Given data —
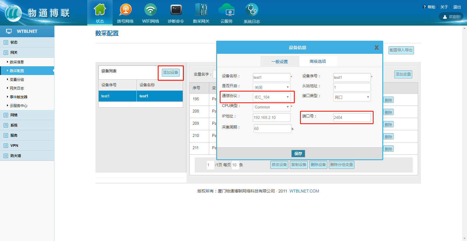 一般设置:通讯协议选择ICE-104,端口默认设定为2404,IP地址根据网关下挂设备实际情况进行定义;
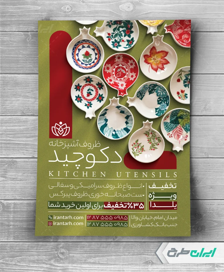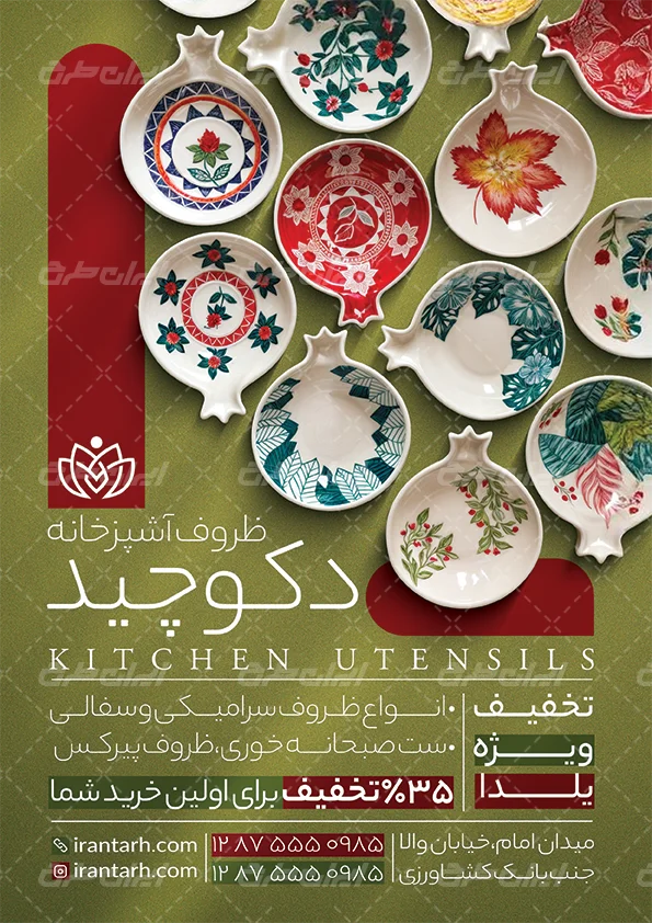 - هم نشینی مناسب رنگ سبز با طرح تراکت لوازم آشپزخانه
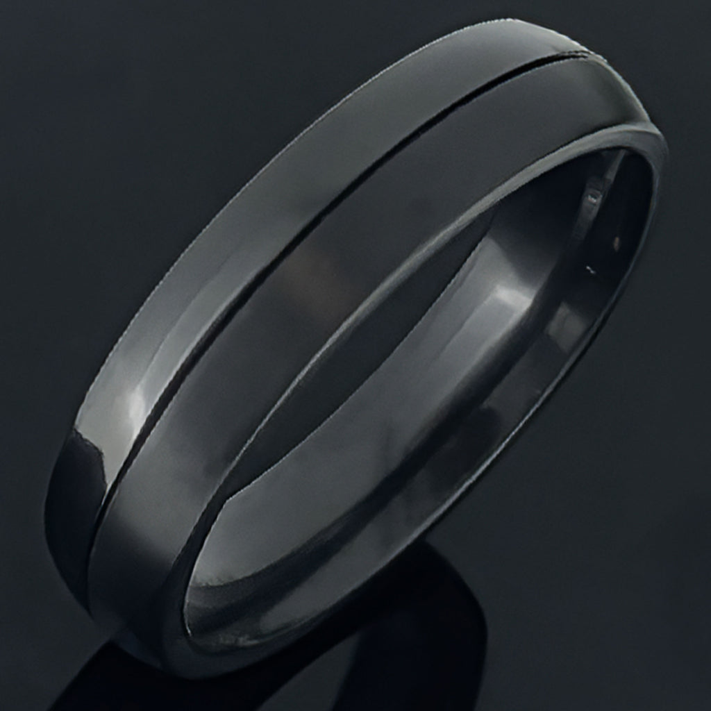 Good looking dome profile Black Zirconium ring with a twin finish, combining a satin and a polished finish.The black zirconium surface is very hard and is resistant to scratching and damage. Custom made in 3-4 weeks.
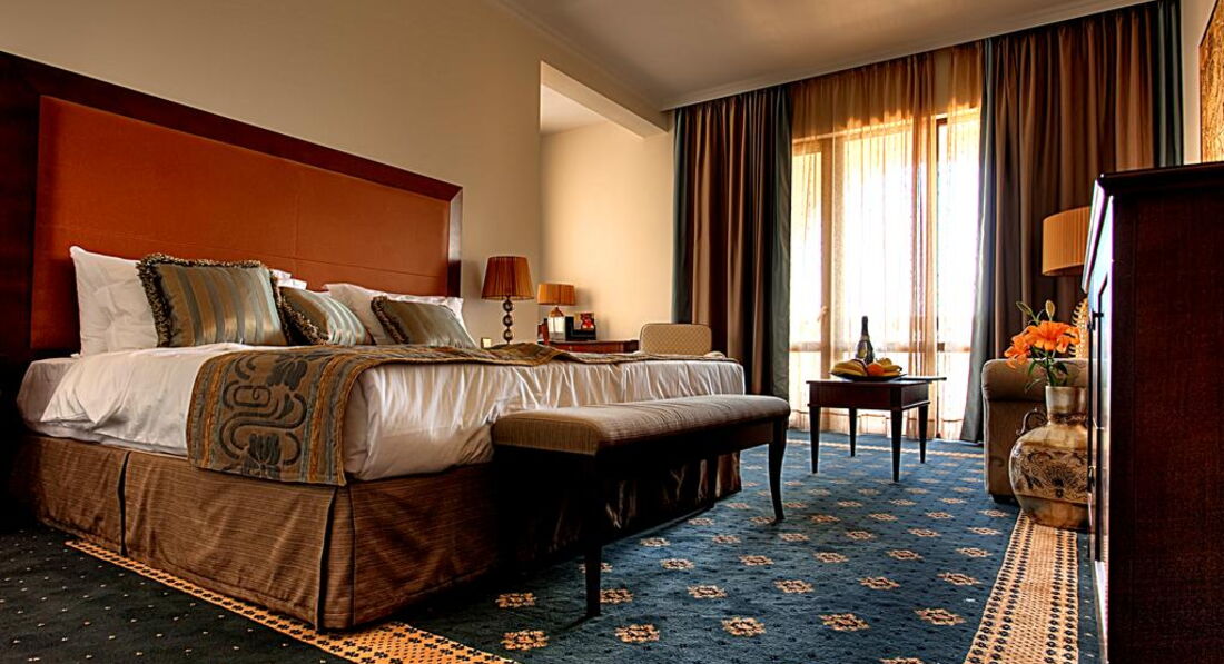 Отдыхали с 18 августа по 1 сентября 2013г. В Болгарии 1ый раз, до этого были в Турции, Испании Греции. Неожиданно, но понравилось очень . Все продумано! Соотношение цена/качество - идеальное, полный комфорт! Сервис на высоте. Номер у нас был повышенной комфортности с видом на море: площадь 55 метров, три огромных окна от пола, большая терраса 16 метров с прекрасным видом на море, здесь можно отметить единственный недостаток, если смотреть вправо - видны 2 портовых крана (смотрели влево ). Если есть возможность, то лучше брать такой номер. Стоит он дороже обычных, но вы не пожалеете – стандартные номера бывают очень разные – с одним или двумя окнами, так что как повезет. Кровать просто огромная. Постельное бельё меняют раз в три дня, полтенца каждый день, халаты раз в неделю. Номер убирали ежедневно. В номере есть сейф, два банных халата, две пары тапочек, набор мини шампуней, гелей для душа, фен, гладильная доска с утюгом и всё необходимое для чая (чашки-ложки, стананы-бокалы, кипятильник, пакетики с чаем и растворимым кофе). Есть минибар – но цены в нем по прейскуранту (для примера 500мл воды – 4 лева).
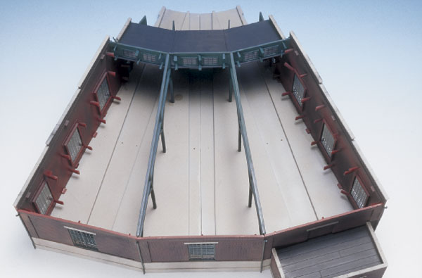 The model has a large foundation with slots for installing standard Atlas sectional track or flextrack. Since most roundhouses had the area between the rails flush with the rest of the floor this would be a nice detail and an easy-to-add one using plain sheet styrene cut to fit between the rails.

Task details —
Pictures excluded, repeat the material above from its first line through the line containing "Good looking dome", both included.

Expected answer —
 一般设置:通讯协议选择ICE-104,端口默认设定为2404,IP地址根据网关下挂设备实际情况进行定义;
 - هم نشینی مناسب رنگ سبز با طرح تراکت لوازم آشپزخانه
 Good looking dome profile Black Zirconium ring with a twin finish, combining a satin and a polished finish.The black zirconium surface is very hard and is resistant to scratching and damage. Custom made in 3-4 weeks.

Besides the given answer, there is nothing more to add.